In contrast to SGI's higher-end systems, which are available both through VARs and directly from SGI's sales force, the new 330 and S330 will be sold only by resellers, said Mark Wiertalla, SGI's product marketing manager for storage.

These resellers will include long-time SGI VARs, along with enterprise resellers recruited through a new VAR program introduced earlier this year.

"This is exactly what SGI needed to come up with - relatively inexpensive, high performance systems, along with effective ways to getting (these products) out to customers," according to Byran McGaha, senior account manager at InterVision Systems Technology, a veteran SGI reseller in Santa Clara, CA.

"Up to now, the Linux market has been characterized by cheap machines which customers can buy and throw away at will. But users who want to run high performance apps require something that is unlikely to break, and which can be (quickly) fixed if it does," McGaha maintained, during another interview. Like the existing Altix 350, the upcoming 330 will come with a choice of either Novell's SUSE Linux Enterprise Server (SLES) or Red Hat Enterprise Linux.

Users opting for SUSE Linux will also get new SGI ProPack software, co-developed by SGI and SUSE to provide extra performance and functionality enhancements for SLES environments.

SGI is also pondering a ProPack for Red Hat, according to Pham. "But we've been working with SUSE on scalability stuff, anyway, so we thought we'd start with ProPack there," he added.

Most of these resellers will sell both Altix and InfiniteStorage systems, according to Wiertalla. "But we anticipate that there might be some pure 'storage plays,' too."

Customers will be able to connect the InfiniteStorage systems to PC servers from both SGI and other hardware vendors, he said. Although SGI's storage system is powered by Linux, it will also work with servers running either Linux or Microsoft Windows.

Pham said that, in the interests of better service and maintenance, SGI is avoiding Web-based sales, at least for now.

For fast delivery, though, SGI will offer the new Quick Ship option on two basic dual-processor configurations of the Altix 330, each providing a 160GB hard drive and 2GB of memory.

SGI will also customize the Quick Ship configurations to customer specifications, but delivery times might be longer for the customized systems.

Wiertalla told Linux Today that a plan similar to Quick Ship is in the works for the InfiniteStorage systems, tool, although the storage program has yet to be named.

Where will SGI's upcoming midmarket products fit best" InterVision's McGaha cited server farms, as well as other applications - such as AutoCad and EDA (electronic design automation) - that can take advantage of the NUMA architecture.

"I can't say that it's geared to OLTP, because 32-bit is what's playing there.
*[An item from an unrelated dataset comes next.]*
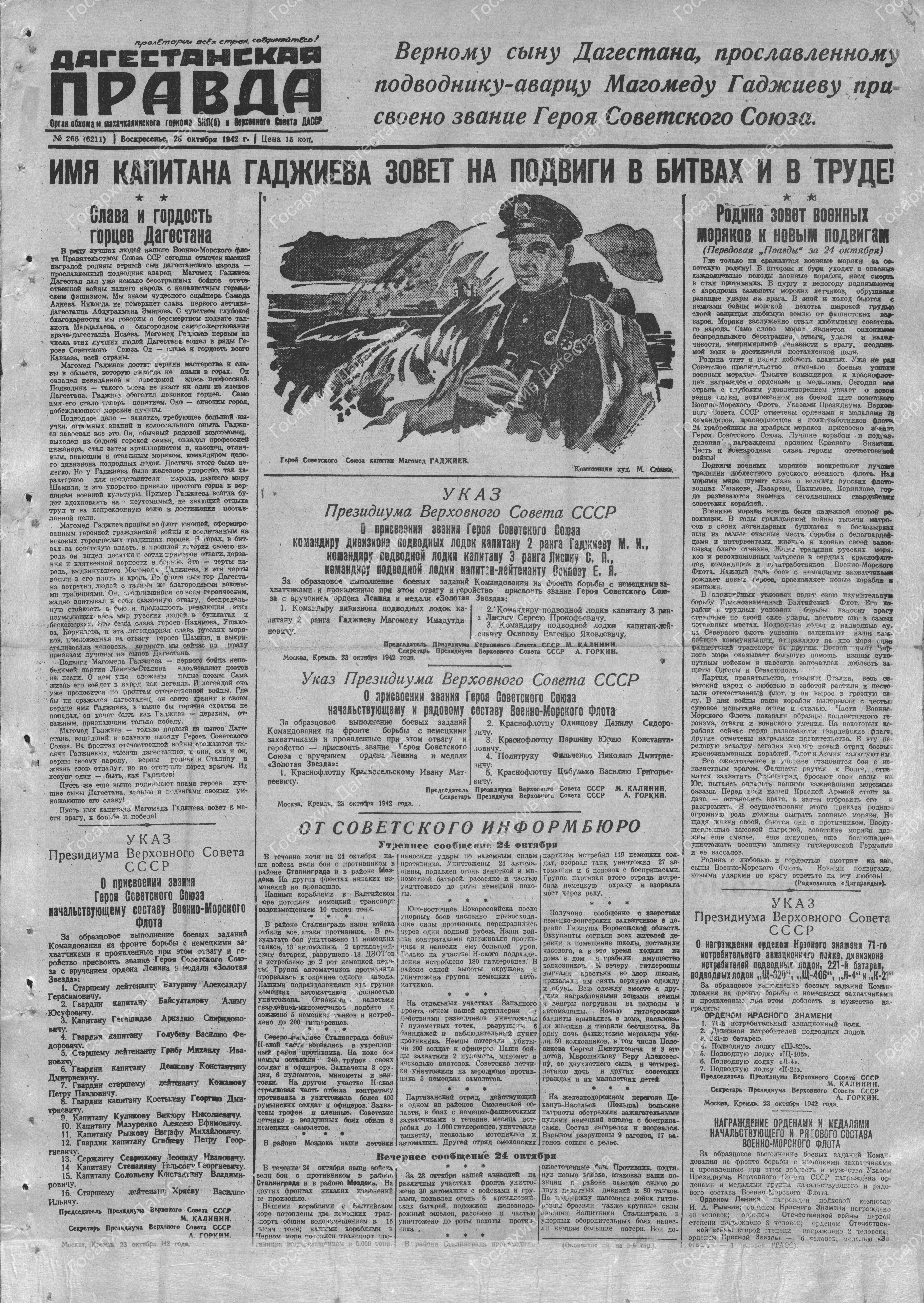 газета Дагестанская правда №266 от 25.10.1942г.

But (NUMA) is very good at 'big processes' requiring high bandwidth," the reseller added.

HP will stack up as SGI's biggest competitor for Linux on Itanium, according to Ideas International's Partridge.
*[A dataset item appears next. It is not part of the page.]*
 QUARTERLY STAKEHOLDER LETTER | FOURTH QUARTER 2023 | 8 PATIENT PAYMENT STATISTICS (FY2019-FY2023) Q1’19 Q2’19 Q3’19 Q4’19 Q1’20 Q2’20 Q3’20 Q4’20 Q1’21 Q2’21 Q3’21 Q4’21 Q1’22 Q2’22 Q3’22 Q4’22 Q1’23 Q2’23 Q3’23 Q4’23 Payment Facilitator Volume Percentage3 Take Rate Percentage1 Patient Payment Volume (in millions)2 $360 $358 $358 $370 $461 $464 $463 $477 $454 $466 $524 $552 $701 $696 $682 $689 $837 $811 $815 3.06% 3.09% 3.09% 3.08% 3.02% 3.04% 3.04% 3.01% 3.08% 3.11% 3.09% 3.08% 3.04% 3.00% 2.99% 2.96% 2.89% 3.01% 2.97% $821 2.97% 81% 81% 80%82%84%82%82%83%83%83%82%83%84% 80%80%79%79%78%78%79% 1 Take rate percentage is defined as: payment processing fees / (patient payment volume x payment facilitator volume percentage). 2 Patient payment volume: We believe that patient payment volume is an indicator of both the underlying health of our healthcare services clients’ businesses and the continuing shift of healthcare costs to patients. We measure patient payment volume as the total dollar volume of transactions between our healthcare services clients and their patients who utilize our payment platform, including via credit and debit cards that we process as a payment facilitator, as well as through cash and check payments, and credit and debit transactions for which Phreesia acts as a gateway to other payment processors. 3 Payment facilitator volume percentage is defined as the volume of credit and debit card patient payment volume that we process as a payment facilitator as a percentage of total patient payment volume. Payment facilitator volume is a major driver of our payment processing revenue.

"IBM and Dell have also played there a bit, but IBM is more interested in its own PowerPC, and Dell is focusing mostly on X86 Xeon because of the volume that can provide," the analyst said.

Priced starting at under $7,000, the Altix 330 will use the same NUMAflex shared memory architecture and 6.4GB/s bidirectional interconnect as higher-end Altix systems.
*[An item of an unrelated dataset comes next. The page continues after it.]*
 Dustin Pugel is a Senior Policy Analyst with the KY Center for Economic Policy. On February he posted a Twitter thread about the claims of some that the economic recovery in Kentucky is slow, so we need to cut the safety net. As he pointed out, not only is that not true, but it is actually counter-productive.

The 330 will be sold with a choice of one or two Intel Itanium 2 processors, each running at 1.3 GHz to 1.6GHz, with on-chip cache of 3MB to 6MB.

Measuring just 1.75-inches high, the 330 is designed to fit into a single 1U slot on a rack. Users will be able to stack as many as 17 servers into a 17U rack and 39 servers into a 39U rack, according to the SGI execs.

The 330 is also designed to scale to up to 16 processors with NUMAlink, and to up to 128GB of memory.

The server has been clocked as sustaining data transfer rates of up to 485 MB/second for bandwidth-intensive apps such as seismic processing, used in scientific computing, and video streaming, used by media organizations, for instance.

The InfiniteStorage 330, on the other hand, is priced starting at $12,599. SGI's forthcoming new storage system will support s2.8TB to over 16TB of direct-attached storage (DAS), network-attached storage (NAS), or storage area network (SAN) capacity. SGI also plans to include software for performance monitoring and management.